Instructions on Preparing PIDCalib Samples

This page provides information on how to create PIDCalib samples. It is for experts only.

Latest PIDCalib setup instructions

Please follow the instructions on PIDCalib Package webpage. Besides the above, you also need to
getpack PIDCalib/CalibDataSel head

CalibDatSel Package: Produce tuples from DST

The files you need now boil down to: Src/TupleToolPIDCalib.cpp TupleToolPIDCalib.h EvtTupleToolPIDCalib.cpp EvtTupleToolPIDCalib.h

These are places to put Tuple variables.

And dev/makePIDCalibNtuples.ganga.py makePIDCalibNtuples_Run2.py makePIDCalibNtuples.py

makePIDCalibNtuples.py is for Run 1 where the input is various stripping lines

makePIDCalibNtuples_Run2.py is for Run2 where the input is various trigger lines and this matching needs to be done too.

makePIDCalibNtuples.ganga.py simply runs the jobs. (I think you will need to update the DV version listed).

In dev/makePIDCalibNtuples.ganga.py, add

S5TeVdn = PIDCalibJob(
                    year           = "2015"
                 ,  stripVersion   = "5TeV"
                 ,  magPol         = "MagDown"
                 ,  maxFiles       = -1
                 ,  filesPerJob    = 1
                 ,  simulation     = False
                 ,  EvtMax         = -1
                 ,  bkkQuery       ="LHCb/Collision15/Beam2510GeV-VeloClosed-MagDown/Real Data/Reco15a/Turbo01aEM/95100000/FULLTURBO.DST"
                 ,  bkkFlag        = "OK"
                 ,  stream         = "Turbo"
                 ,  backend        = Dirac()
  )
Then execute the file inside ganga:
In [5]:execfile('makePIDCalibNtuples.ganga.py')
Preconfigured jobs you can just submit: 
. PIDCalib.up11.submit()
. PIDCalib.validation2015.submit()
. PIDCalib.up12.submit()
. PIDCalib.down11.submit()
. PIDCalib.S23r1Up.submit()
. PIDCalib.down12.submit()
. PIDCalib.S5TeVdn.submit()
. PIDCalib.test.submit()
. PIDCalib.S23r1Dn.submit()
---------------------

In [6]:PIDCalib.S5TeVdn.submit()

After all jobs finished, you may need to download them to local directory (not sure if needed)
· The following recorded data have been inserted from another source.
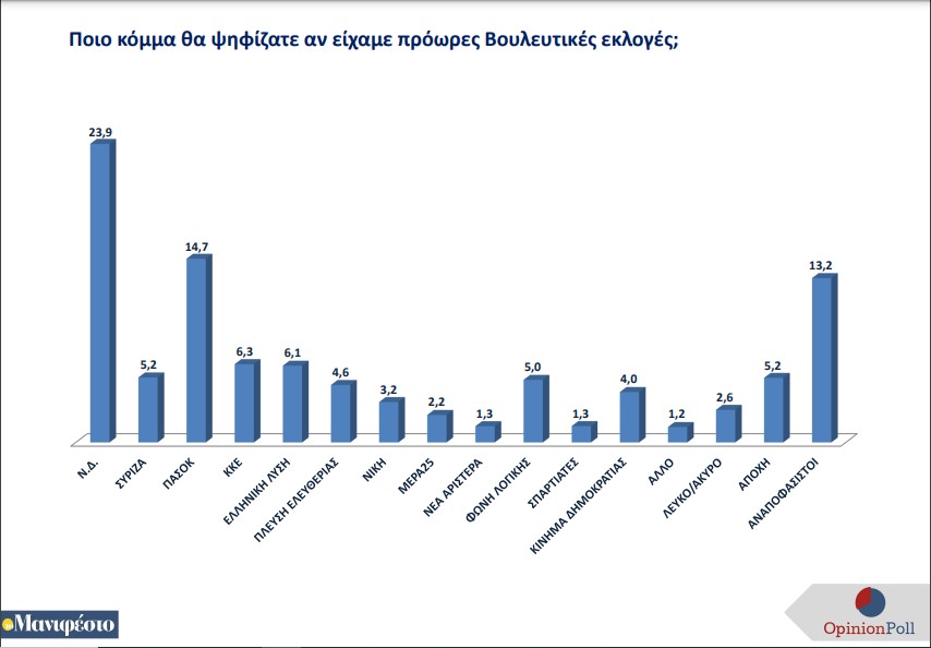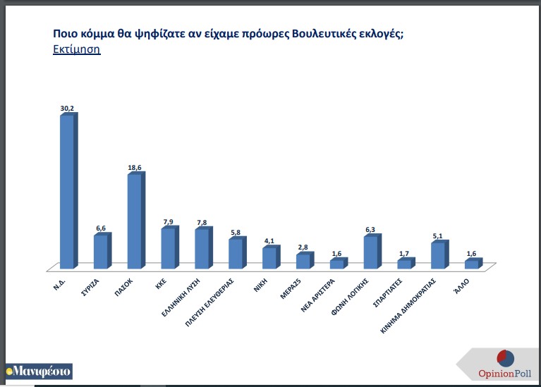 Νέα δημοσκόπηση Opinion Poll με ξεκάθαρο δίπολο ΝΔ – ΠΑΣΟΚ – Εννιακομματική η Βουλή
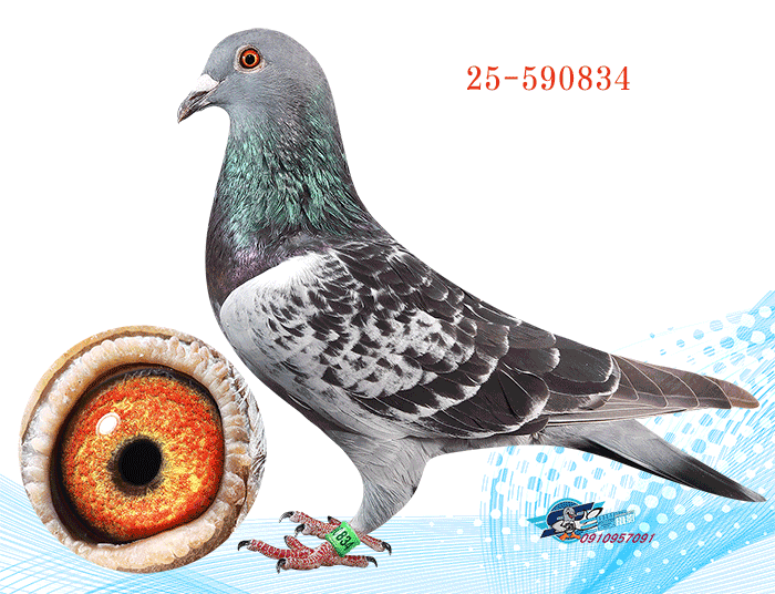 (4)91-02316灰白羽♂黑李3 1 6,其父鴿血統為林波爾,母鴿血統為老西翁系,這羽超級鴿是在1991年自強豪黑李處引進,下代翔續都有延續綜合性及快速歸巢之本能。
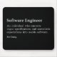 Denna humoristiska musknapp definierar vad en software ingenjör är: "En individ som omvandlar vaga specifikationer och orealistiska förväntningar till användbar software."

In [6]:for js in j.subjobs:
   ...:     if js.status == 'completed':
   ...:         js.backend.getOutputData()

CaibDataScripts: Produce tuples for each particles

The RICH performance changes as a function of time (depends on conditions and alignment changes). A RooDataSet can only hold so many events and variables before it becomes too large and won’t save correctly. Both of these facts leads us to have a) more than one file per decay channel and b) the numerical index of each file ascends with run number. This is useful so that if someone wants to run over a specific run period they can just select the few relevant files.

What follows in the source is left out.